A court may treat disposable retired or retainer pay payable to a member for pay periods beginning after June 25, 1981, [the day prior to the McCarty decision] either as property solely of the member or as property of the member and his spouse in accordance with the law of the jurisdiction of such court.

The purpose of USFSPA is " 'to remove the federal pre-emption found to exist by the United States Supreme Court [in McCarty, 453 U.S. 210, 101 S.Ct. 2728], and permit State and other courts of competent jurisdiction to apply pertinent State or other laws in determining whether military retired or retainer pay should be divisable [sic].' " Walentowski v. Walentowski, 100 N.M. 484, 486, 672 P.2d 657, 659 (1983) (quoting S.Rep. No. 97-502, at 16 (1982)), reprinted in 1982 U.S.C.C.A.N. 1596, 1611; see also H.R.Conf.Rep. No. 97-749, at 165 (1982), reprinted in 1982 U.S.C .C.A.N. 1569, 1570 (stating that the legislation "would have the effect of reversing the decision of the United States Supreme Court in the case of McCarty ").

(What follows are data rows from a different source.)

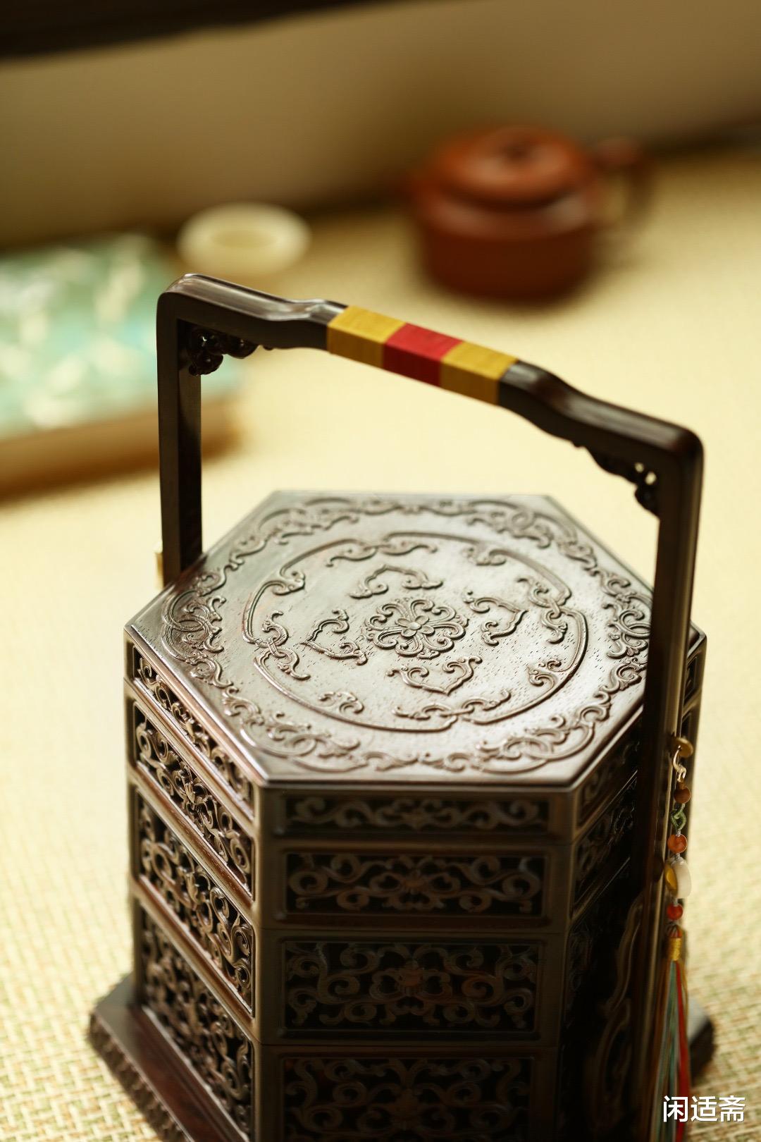 提盒采用三层独立设计,分层清晰、大小适中,收纳有序不杂乱,可按需分类存放物品——茶室中可收纳茶饼、茶针、茶宠、茶具等茶事好物,书房里可存放笔墨纸砚、印章印泥等文房用品,日常也可收纳小件古玩、首饰等,一物多用,适配多场景。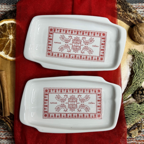 Изысканная фарфоровая селедочница, украшенная аутентичным карельским орнаментом. Метод деколи обеспечивает четкость и долговечность рисунка, сохраняя яркость красок. Это не просто посуда, а изящное дополнение к вашему столу, которое подчеркнет красоту традиционных закусок. Привнесите частичку северного гостеприимства в каждый прием пищи!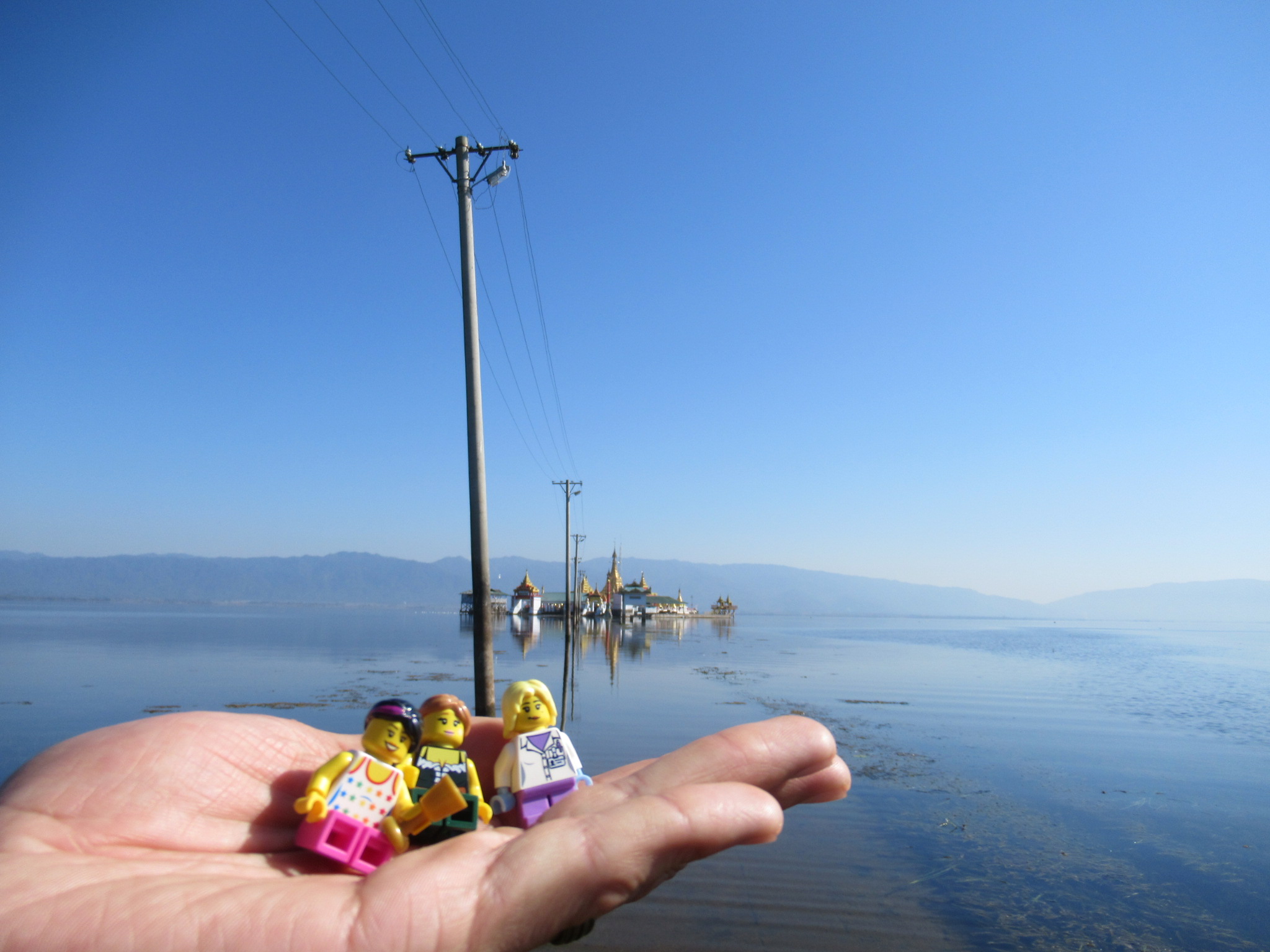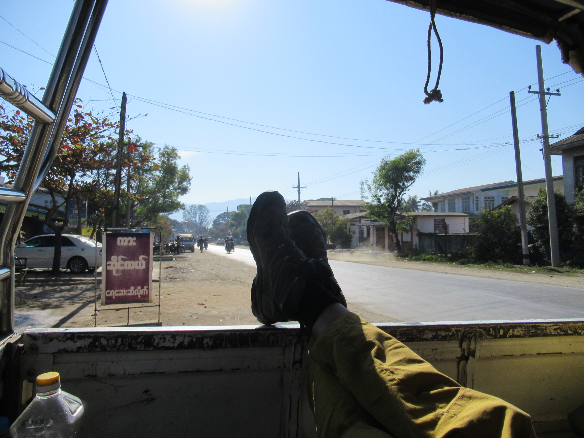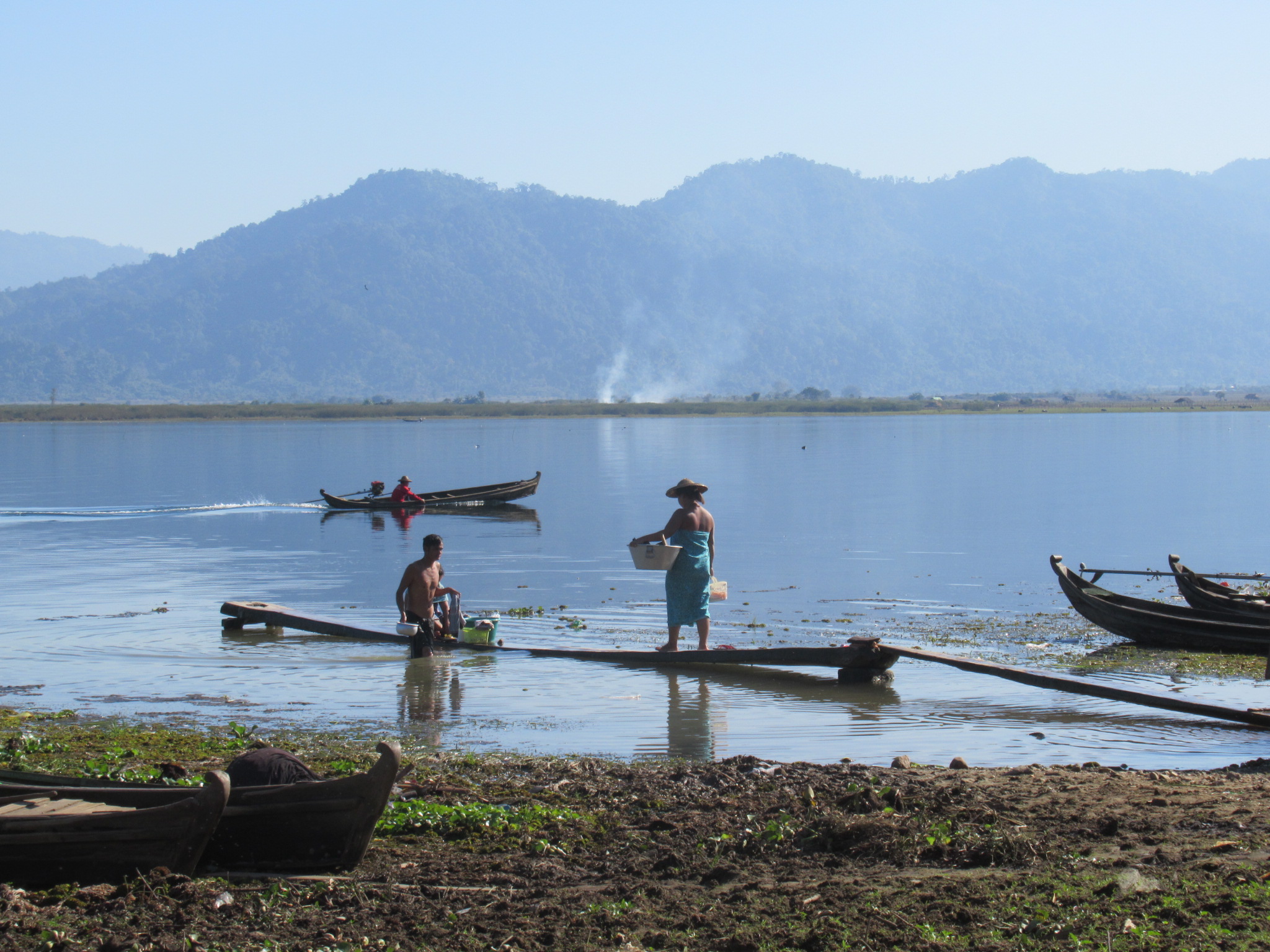 19h de trajet, nous voilà à Hopin. Une jeep nous amène en 1h30 à l’auberge à Lonton. Confort sommaire mais on est au bord du lac et c’est magnifique !!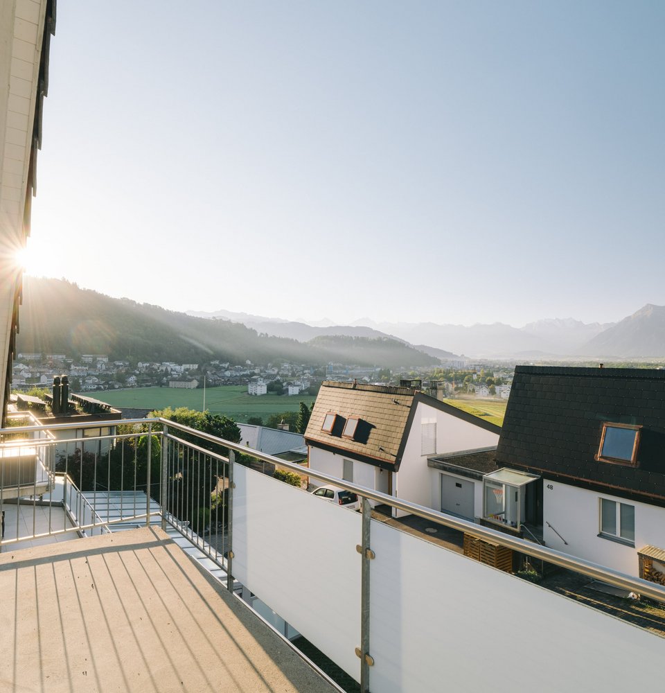 Im Aussenbereich erwarten Sie über 80 m² teilgedeckte Terrasse, ein Balkon mit herrlicher Aussicht und ein pflegeleichter Garten mit Potenzial. Zwei Fahrzeuge finden im Carport Platz. Ein Gerätehaus gehört ebenfalls dazu.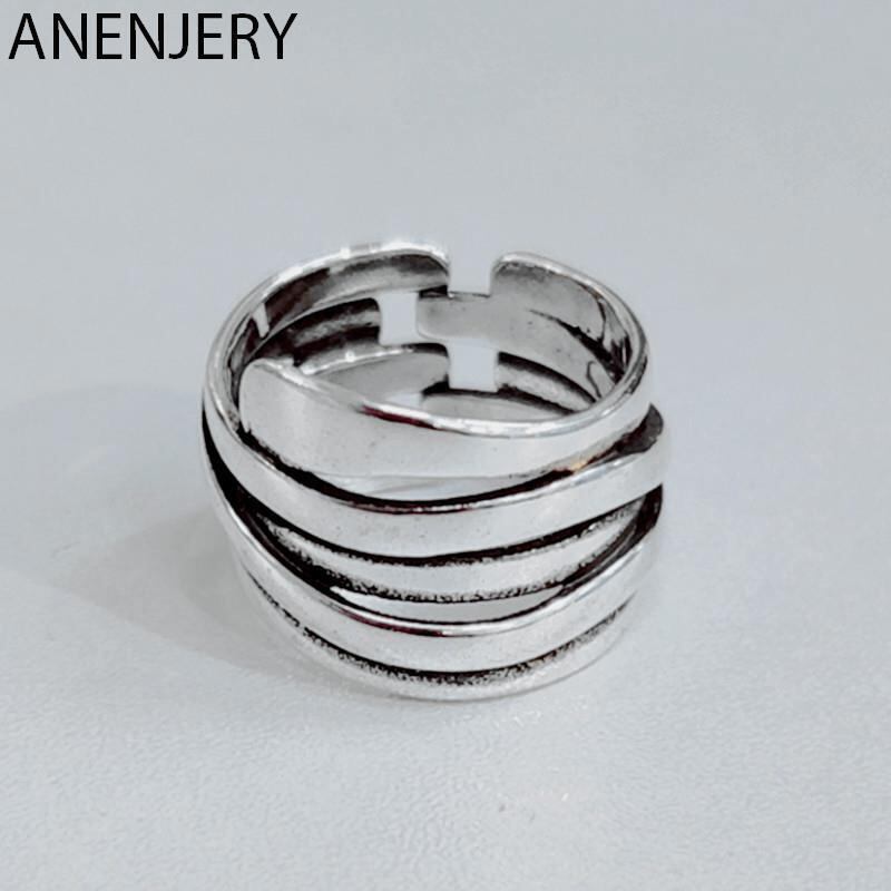 送料無料 ANENJERYシルバーカラーポリッシュマルチレイヤーツイストワインディングオープニングタイシルバーカラーリングレディースメンズS-R556 指輪 銀 アクセサリー AE165587961952324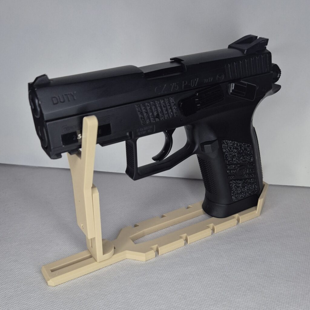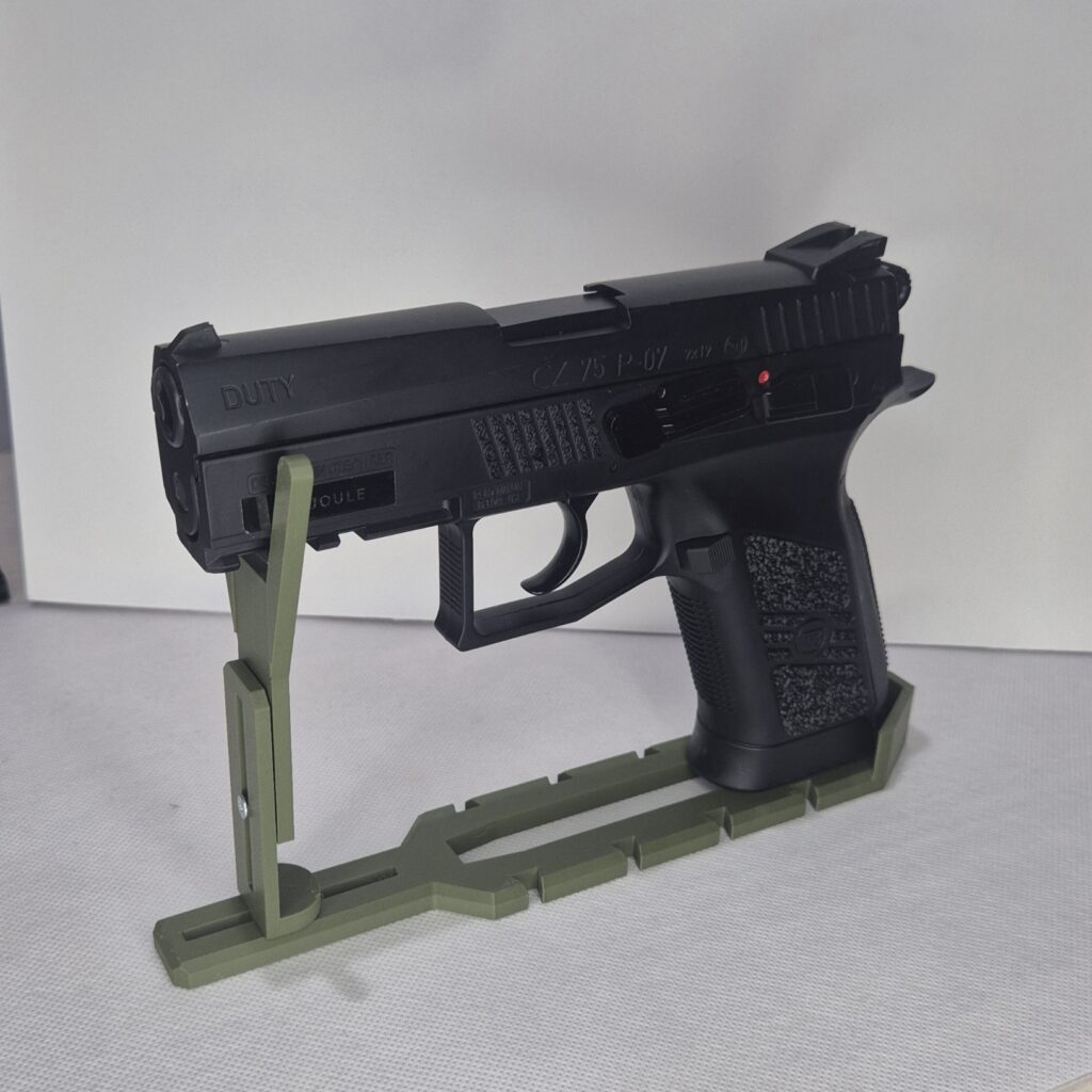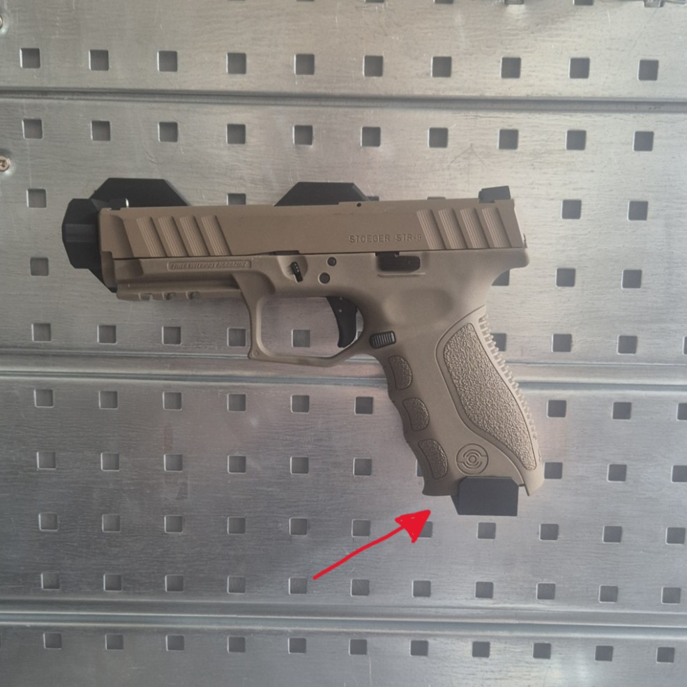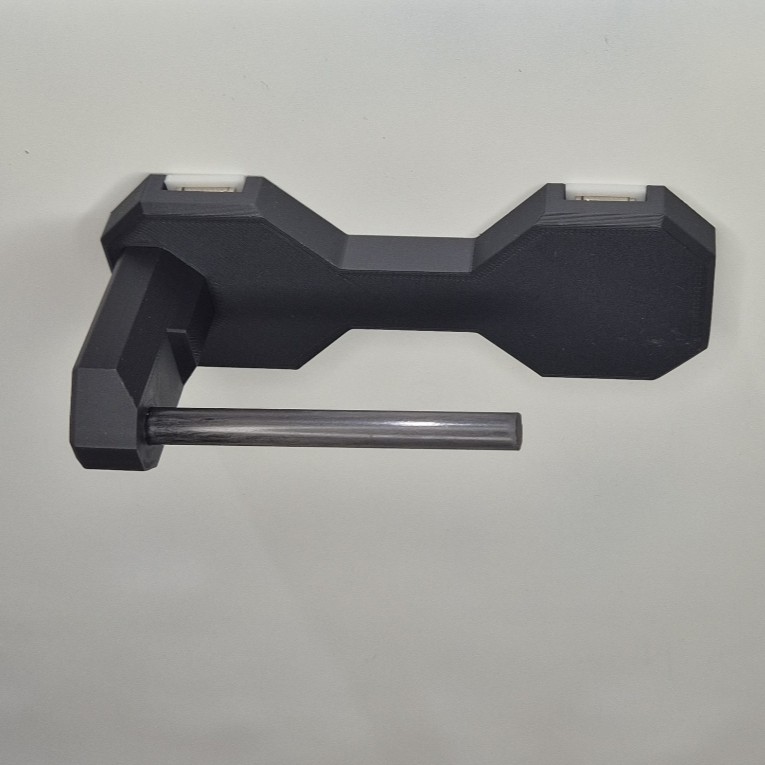 Modułowy uchwyt M1 mocowany na magnesy lub śruby. Uchwyt wyposażony jest w dystans DX który daje nam w zależności od sposobu montażu, miejsce na kolimator oraz wygodny chwyt broni w przypadku mocowania bocznego do ściany, jeżeli magnesy są zbędne można wkręcić dystans DX bez magnesów i przykręcić uchwyt śrubami. Dystans mini DM 10 jest zaprojektowany by można było łączyć ze sobą uchwyty i ustawiać je rzędami w konfiguracji np. dwóch broni M1=DM=M1 szerokość całkowita to maksymalnie 129.85mm ( po to by przy obliczaniu miejsca liczyć 130mm ) reszta wymiarów jest uzależniona od wymiarów broni. Maksymalny udźwig 1.8kg.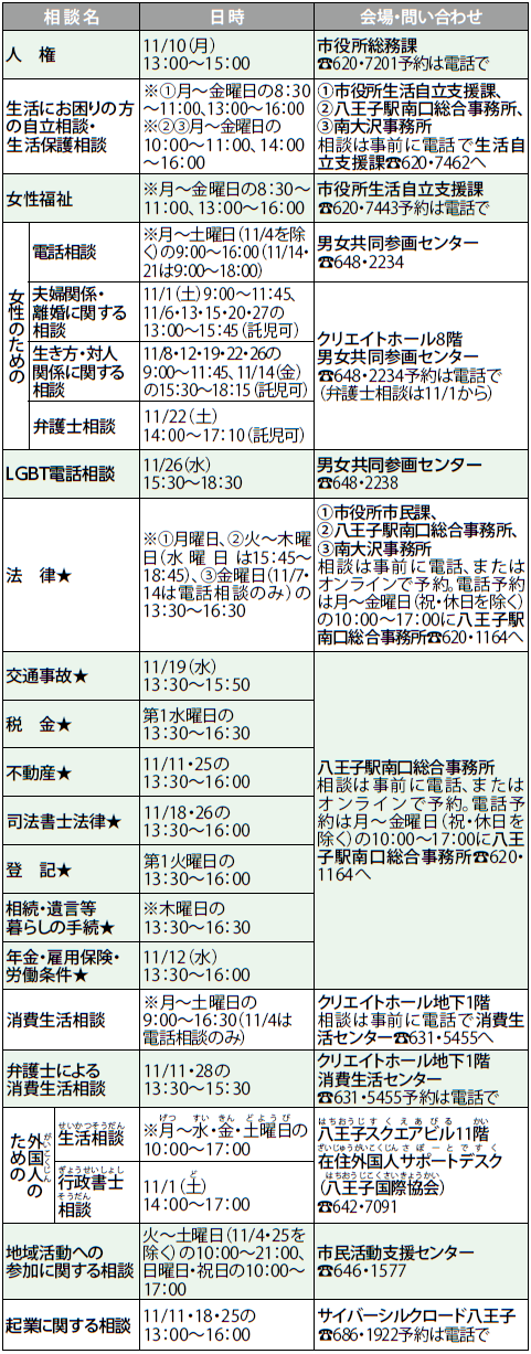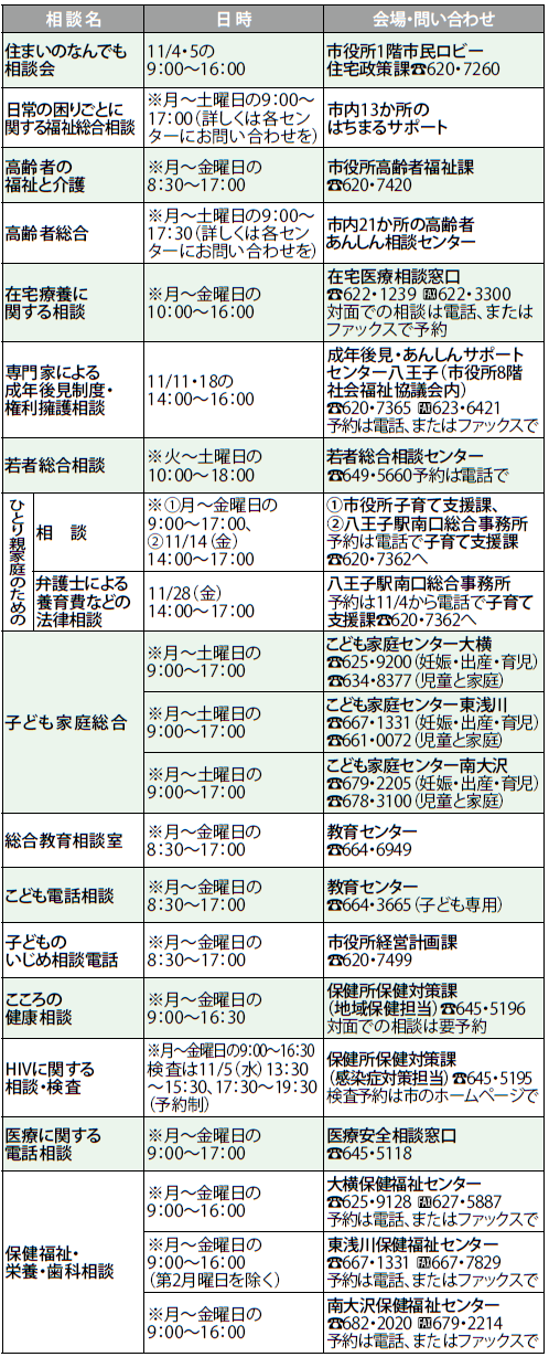 くらし 11月 相談まどぐち 34/38 前の記事 次の記事 発行日 : 2025年11月01日 自治体名 : 東京都八王子市 広報紙名 : 広報はちおうじ 令和7年11月1日号 ※印は祝・休日を除きます。定員がある相談もあります。 ★印は右の二次元コード(本紙参照)からオンライン予約ができます。 Tweet シェアする 情報ファイル/その他 世帯と人口(令和7年9月末日現在)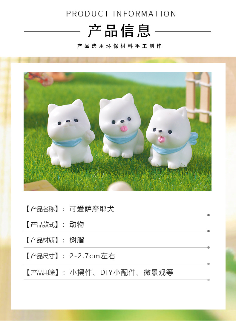 마이크로 풍경 창조적 인 작은 장식품 귀여운 Samoyed 강아지 인형 diy 장식 액세서리 수지 사랑스러운 장식품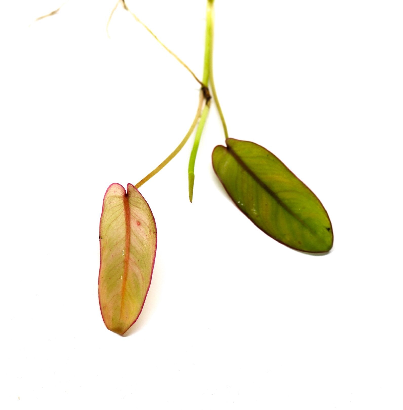 Philodendron recurvifolium is a Philodendron native to southern Brazil. It has an amazing red edge around a gorgeous green leaf. Most of the time it is a deep green. It is a moderately fast growing species. It does well in moderate, indirect light and moderate to high humidity, and appreciates airflow. Moist sphagnum moss is helpful for rooting this species.

¶12 The question arises as to the effect of this statute on final judgments. Some jurisdictions interpreted the USFSPA as authorizing the reopening of final divorce decrees entered during the eighteen-month period between the McCarty decision and the effective

Page 686

[124 N.M. 757] date of the USFSPA. See Edsall v. Superior Court, 143 Ariz. 240, 693 P.2d 895, 897-901 (1984) (en banc) (noting "extraordinary circumstances" justifying relief and the small number of cases in the interim period); cf. Koppenhaver v. Koppenhaver, 101 N.M. 105, 108-09, 678 P.2d 1180, 1183-84 (Ct.App.1984) (remanding denial of post-judgment motion for consideration on similar grounds); but cf. Plaut v. Spendthrift Farm, Inc., 514 U.S. 211, 115 S.Ct. 1447, 131 L.Ed.2d 328 (1995) (separation-of-powers principles prohibited Congress from enacting a statute extending the limitations period for actions that had become final prior to enactment of the statute). But final judgments can be reopened only in very limited circumstances, see Rule 1-060, NMRA 1997, and courts apparently did not routinely reopen pre-McCarty final decrees after enactment of the USFSPA. See generally Johnson v. Johnson, 824 P.2d 1381, 1382 n. 2...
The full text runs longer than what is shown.